WORTH A LOOK?: *****
WHERE?: Vaudeville Theatre
WHEN?: 20/7, press night 2/8, runs to 20/10/18
Oscar Wilde saved his best play until last and so Classic Spring Company’s acclaimed year-long Wilde season ends on the highest of highs.
- Read on for reasons including how the script is the star of this fine season finale
Its predecessors (A Woman Of No Importance, Lady Windermere’s Fan and An Ideal Husband) were starry affairs and this production’s lack of A-Listers is no indication of its quality
However, Sophie Thompson (pictured) is an Olivier Award winner and was as good here as Lady Bracknell as she was when we last saw her at the Savoy in Guys And Dolls.
The real star of course is the script which is brimful of one-liners that are as funny now as when they debuted in 1895.
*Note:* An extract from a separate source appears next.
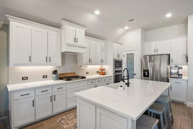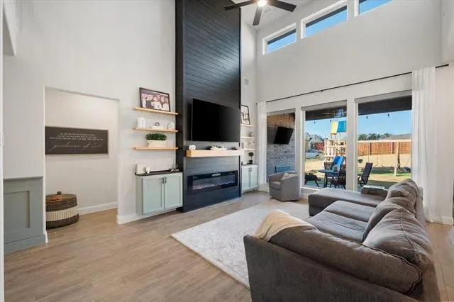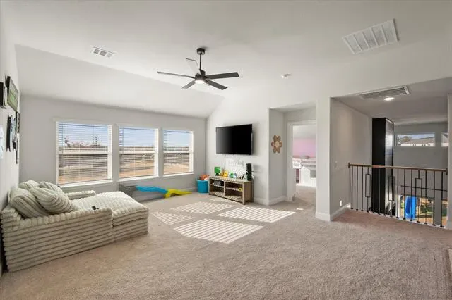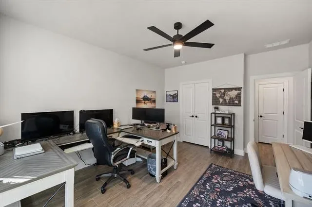 This multi-generational home sits on a large .25-acre corner lot and features two primary suites with walk-in closets, a Jack-and-Jill bath with dual rainhead shower, a gameroom, a separate office, and a bonus room that can be used as a sixth bedroom. The kitchen offers two walk-in pantries, a ceramic farmhouse sink, and quartz countertops, while the family room boasts large windows with motorized shades. The home also includes a custom treated wood swingset, included as a bonus, and an extended garage.

The Importance Of Being Earnest is the story of orphan Jack Worthing (a hard-working Jacob Fortune-Lloyd) who is a respectable guardian to his ward Cecily (Fiona Button, shining with a mischievous twinkle in her eye) in the country but adopts the name Ernest in London when he assumes the persona of his wicked younger brother.
Jack’s attempts to woo Gwendolen Fairfax (Pippa Nixon, very funny) are thrown into disarray when his best friend Algernon (Fehinti Balogun, very much enjoying himself) follows him to the country and impersonates Ernest.
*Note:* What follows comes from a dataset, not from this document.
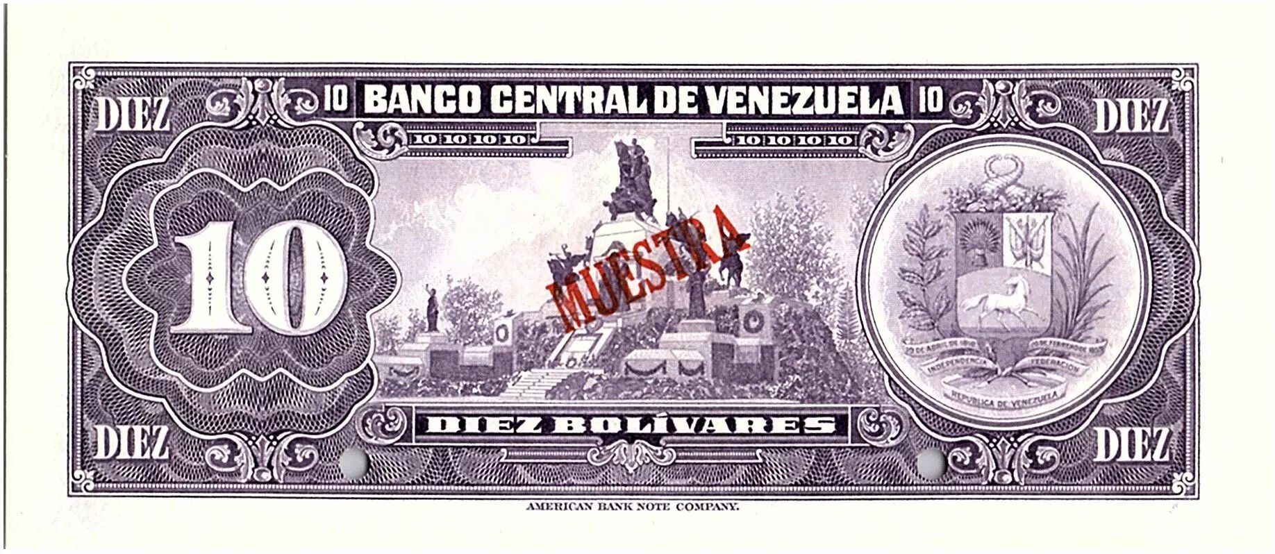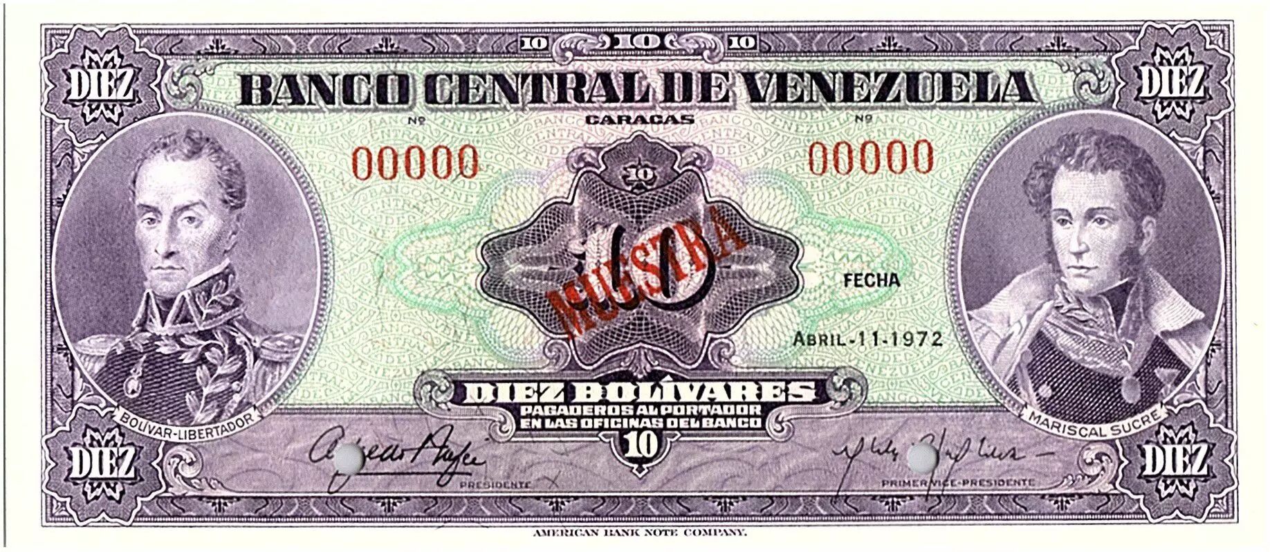 Home > World Banknotes > American Banknotes > Venezuela > Venezuela 10 Bolivares, Simon Bolivar - Antonio Jose de Sucre - 1972 - Muestra

The supporting cast is rounded out exquisitely with the marvellous Stella Gonet as the ridiculous tutor Miss Prism and Downton Abbey‘s Jeremy Swift letting his words betray his feelings as the lovestruck Revered Chasuble.
Wilde’s preoccupation is the necessity to lead a double life which says much about the position he found himself him as a married man who left his wife and children for a man whose love would be his downfall.
Classic Spring Company’s Wilde Season has been an absolute joy, brought some undervalued work to wider attention and goes out with an explosion of laughs to end an absolutely glittering season. Who knew being earnest could be quite so deliciously funny?